Court Opinion

ID: 753099
Source: CourtListenerOpinion
Date Created: 2012-04-18 01:58:50+00
Date Added: 2024-06-11T15:08:19.617785
License: Public Domain

141 F.3d 1167
NOTICE:  Eighth Circuit Rule 28A(k) governs citation of unpublished opinions and provides that they are not precedent and generally should not be cited unless relevant to establishing the doctrines of res judicata, collateral estoppel, the law of the case, or if the opinion has persuasive value on a material issue and no published opinion would serve as well.Barbara J. BARTH, Petitioner,v.RAILROAD RETIREMENT BOARD, Respondent.
No. 97-2852.
United States Court of Appeals, Eighth Circuit.
Submitted Jan. 15, 1998.Filed Feb. 13, 1998.

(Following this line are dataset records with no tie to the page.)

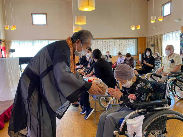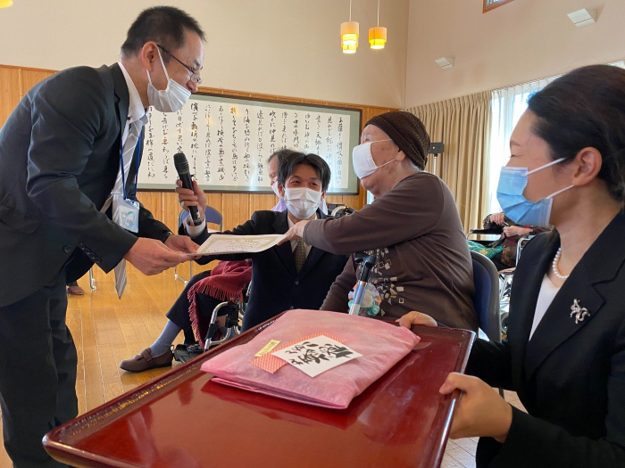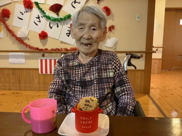 玉藻荘 2021.09.21 祝敬老 おめでとうございます。 敬老の日、入居者の皆様おめでとうございます。 敬老会では「家族思いで賞」「愛の力で頑張っているで賞」等、各ユニットから感謝状が贈られました。 玉藻荘の最高齢は106歳!! お昼には敬老御膳でお祝い。 米寿、白寿の入居者のおやつには、お祝いケーキが出ました。 いつまでもお元気で。
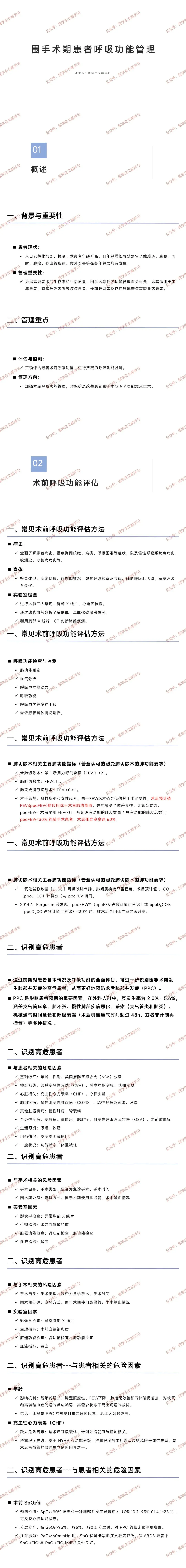 围手术期呼吸功能管理是保障患者术后生存率和生活质量的关键,核心围绕 “术前评估识别高危、术中优化干预、术后预防并发症” 展开,重点针对老年、有基础肺部疾病等高危人群,通过多维度管理降低肺部并发症(PPC)风险。
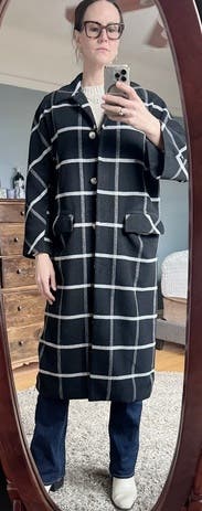 This coat is gorgeous! Love the print and the quality of the wool. Super soft. It’s maybe too long on me but I like the drama. I sized down which is good for me.
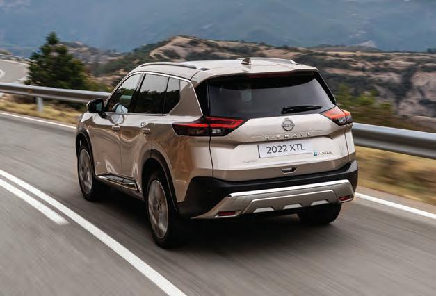 5θέσια διάταξη μπορεί να μεταφέρει έως και 585 λίτρα αποσκευών. Ήπια υβριδικό με 163 άλογα και υβριδικό με έως 213 ίππους Η πλατφόρμα CMF-C δίνει την δυ νατότητα στο X-Trail να συνδυαστεί με δύο εξηλεκτρισμένα κινητήρια σύνο λα και έτσι γίνεται αυτή την στιγμή το μόνο 7θέσιο SUV της κατηγορίας του με τέτοιους κινητήρες. Στη βάση της γκάμας βρίσκουμε έναν ήπια υβριδι κό (12V) 1.500άρη turbo κινητήρα με ισχύ 163 άλογα και 300 Nm ροπής που συνδυάζεται με αυτόματο κιβώτιο Xtronic, το οποίο μεταφέρει την κίνη ση μόνο στους μπροστινούς τροχούς. Το 0-100 χλμ./ώρα γίνεται σε 9,6 δευ τερόλεπτα και η μέγιστη τελική φτάνει τα 200 χλμ./ώρα. Η νέα γενιά θα προσφέρεται και σε υβριδική έκδοση e-Power που αποτελείται από τον 1.500άρη turbo κινητήρα βενζίνης που θα χρησι μοποιείται αποκλειστικά για να παράγει ηλεκτρική ενέργεια, μια γεννήτρια, ένα μετατροπέα και έναν ηλεκτροκινητήρα απόδοσης 150kW που είναι υπεύθυνος για να κινεί τους μπροστινούς ή και τους τέσ σερις τροχούς όταν το X-Trail συνδυάζεται με το ηλεκτρικό σύστημα 4κίνησης e-4ORCE. Στην δικίνητη έκδοσή του, το υβριδικό X-Trail απο δίδει 204 άλογα και κάνει το 0-100 χλμ./ώρα σε 8 δλ. ενώ όταν κινεί ται τετρακίνητα, η ισχύς του φτάνει τα 213 άλογα, με το 0-100 χλμ./ώρα να πετυχαίνεται σε 7,0 δλ. (7,2 δλ. το 7θέσιο).
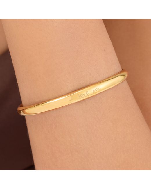 Sleek and effortlessly elegant, our Domed Bangle is a modern must-have. With a curved silhouette and luxurious 18k gold plating, make it yours (or theirs) with a handwritten outer and inner engraving. Stack with your favourite Abbott Lyon bracelets or style solo for a refined, less-is-more look. To add a handwritten engraving, simply write your message on a white background and take a clear photo. When personalising your product, you'll be prompted to upload this image to our website. You'll then be able to adjust and position your handwriting to ensure it sits perfectly on the piece. NEED TO KNOW 18k gold-finish stainless steel Five-year quality guarantee Available in sizes S/M (45mm x 55mm) & M/L (50mm x 60mm)
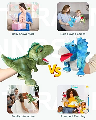 - Fit Most Hands: the dinosaur puppets measure about 30 cm/ 12 inches in height, which can fit most hands; Reach into the dinosaur and open and close its mouth for interaction, the dinosaur puppet can be easily controlled and won’t slip during the whole process
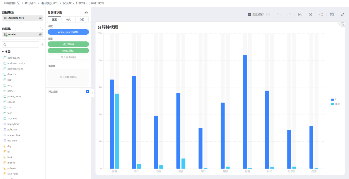 分簇柱状图允许在 Y 轴选择多个度量,从而形成对比关系。如下图所示:
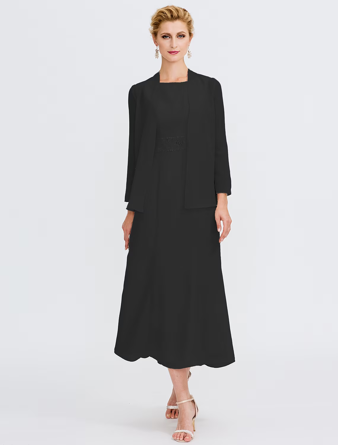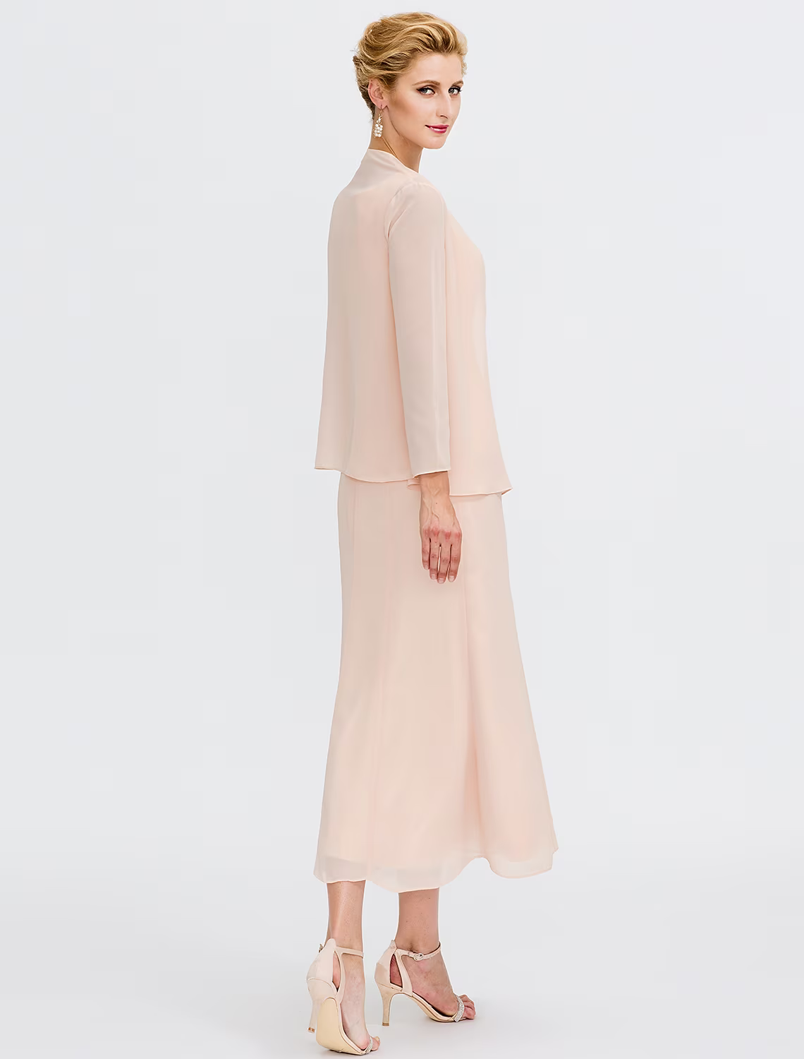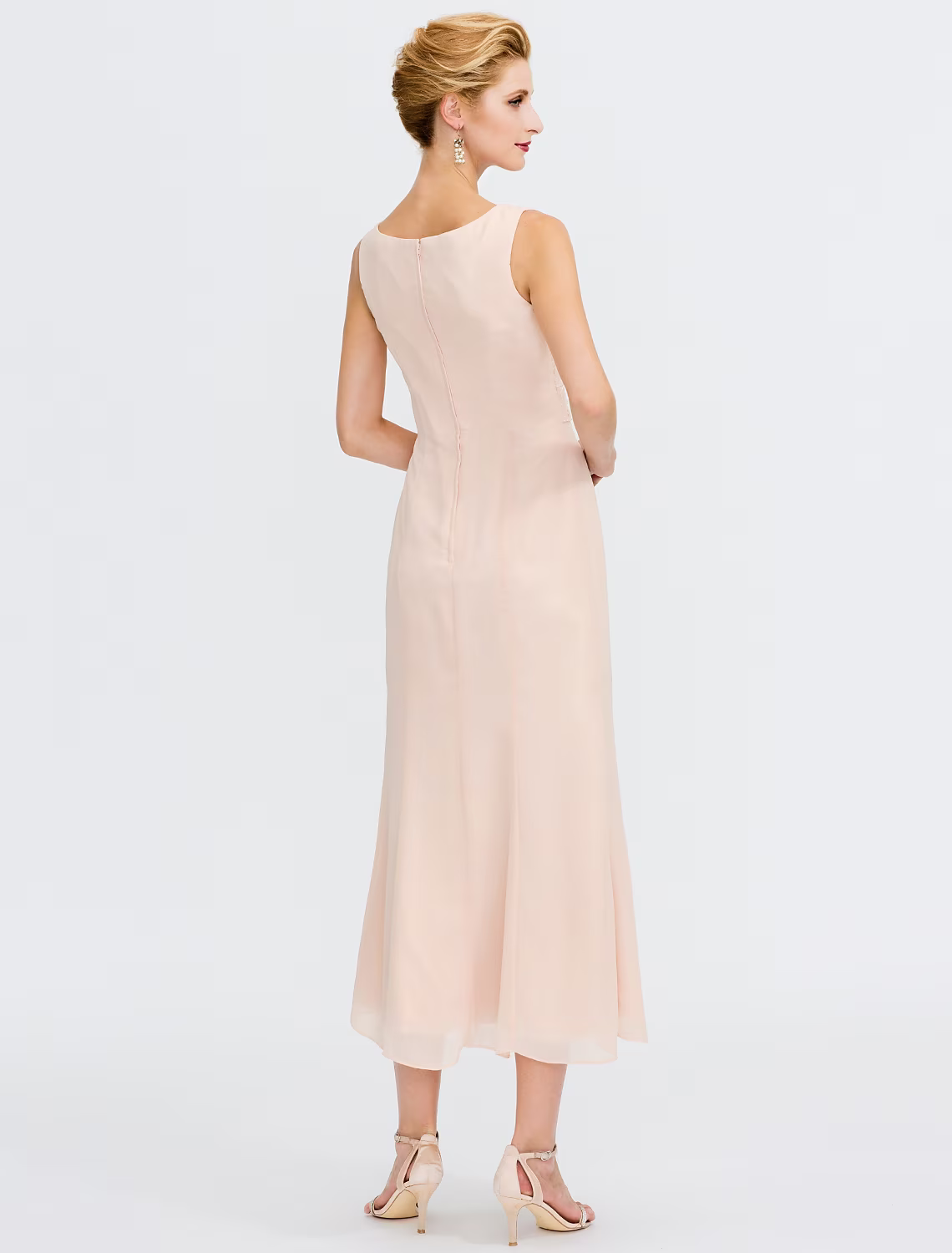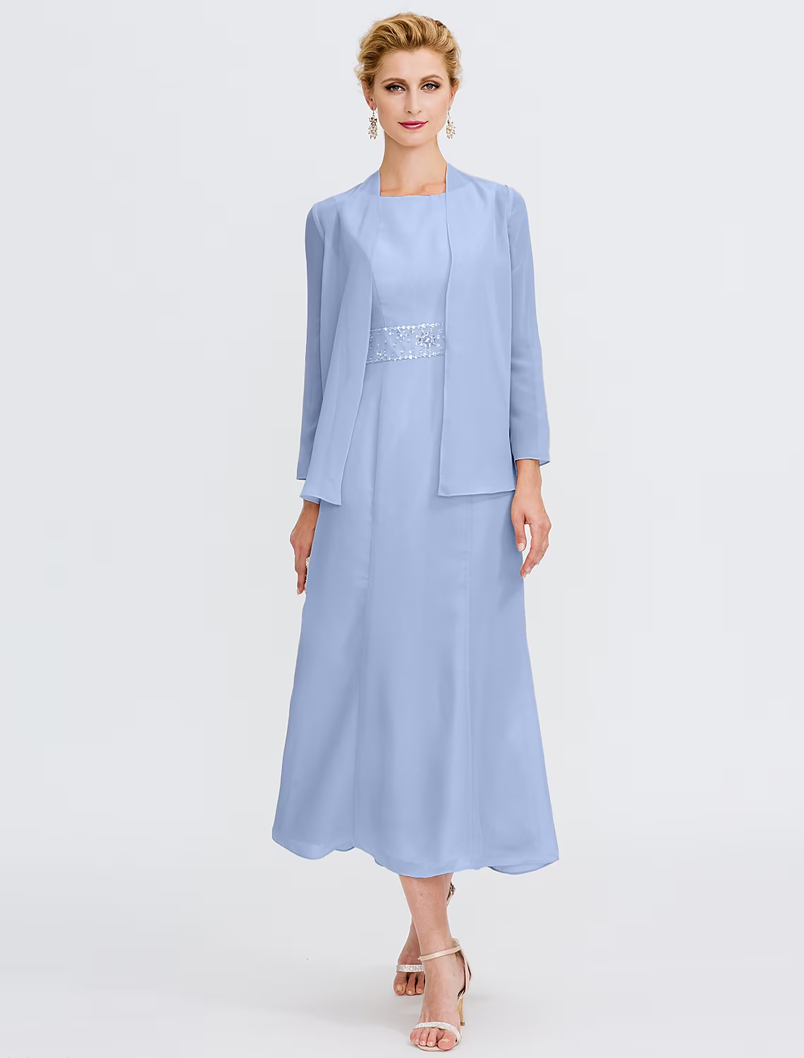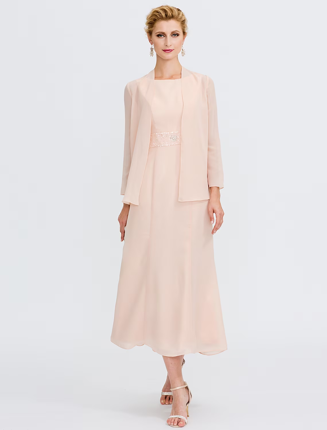 Two Piece Mother of the Bride Dress Plus Size Elegant Chiffon Sleeveless Wrap Included with Sash Ribbon Pleats Beading
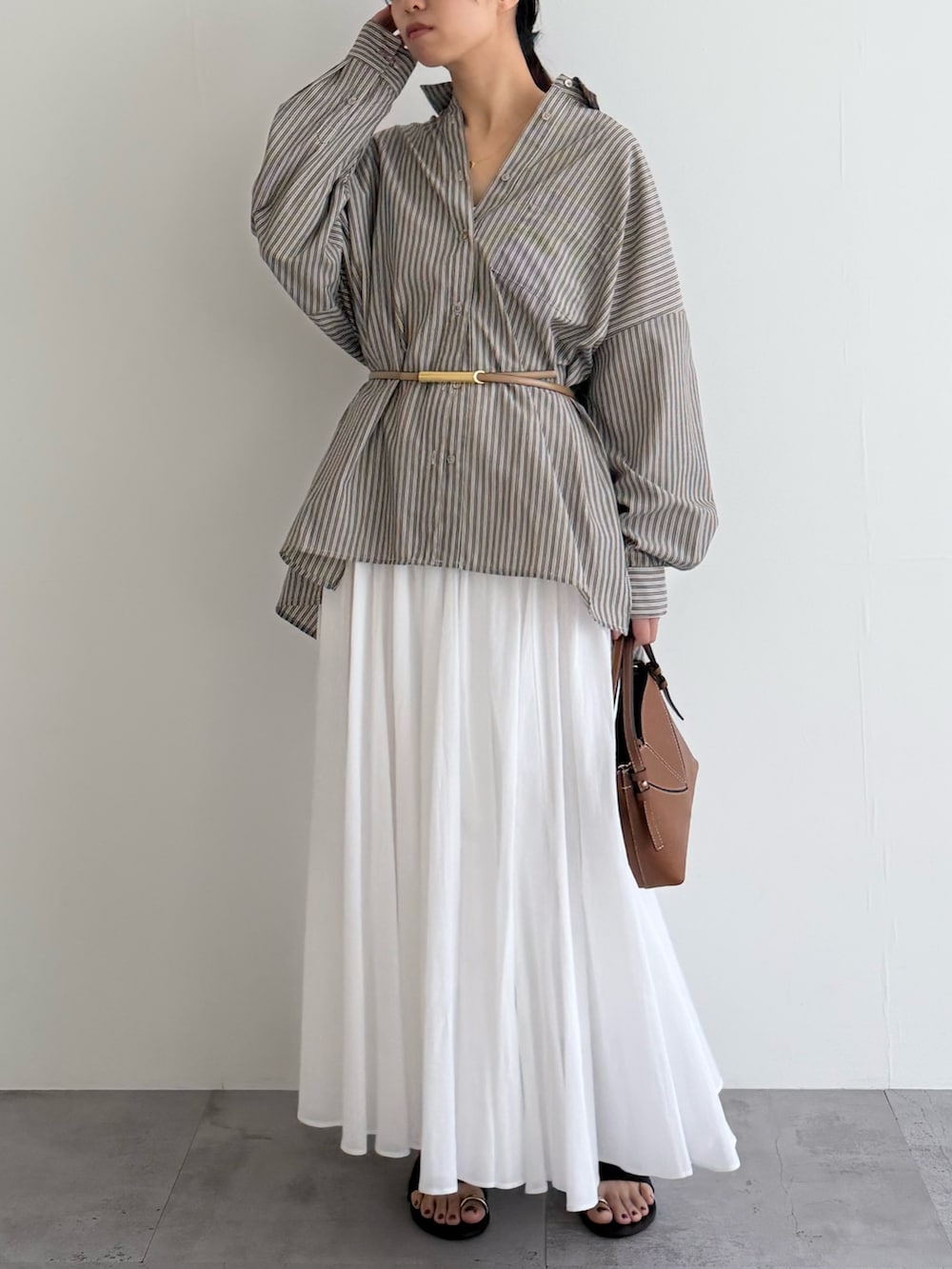フレアスカートと合わせるならベルトをつけるといい感じに着れました!

Appeal from the Railroad Retirement Board.
Before LOKEN, FLOYD R. GIBSON, and MURPHY, Circuit Judges.
PER CURIAM.

1
A section of the Railroad Retirement Act, 45 U.S.C. § 231b(f)(1), contains a complex formula that limits a retired employee's annuity benefits to a percentage of "final average monthly compensation."   Final average monthly compensation is determined "by dividing the total compensation received by such individual in the two calendar years, consecutive or otherwise, in which [she] was credited with the highest total compensation during the ten-year period ending with December 31 of the year in which such individual's annuity ... begins to accrue by 24."

2
Barbara J. Barth applied for benefits in 1994.  The above formula adversely affected her benefits because she stopped working in 1986, when her husband retired, which means that she had worked only fourteen months in the ten years prior to her annuity beginning to accrue.  Barth's administrative appeals were rejected by a hearing officer and the Railroad Retirement Board.  She now appeals to this court, as 45 U.S.C. § 231g allows.  Barth argues that the statutory formula is "flawed" as applied to this thirty-year railroad employee.  To correct the flaw, she contends that we should change the way her "final average monthly compensation" is determined, either by looking back ten years and ten months to calculate the "total compensation" numerator, or by adjusting the twenty-four-month denominator to fourteen.  After careful consideration, we agree with the Board's General Counsel that the statutory formula is unambiguous in this regard and was correctly applied in this case.  Like the Board, we may not rewrite an unambiguous statute.

3
Accordingly, the decision of the Railroad Retirement Board is affirmed.

4
A true copy.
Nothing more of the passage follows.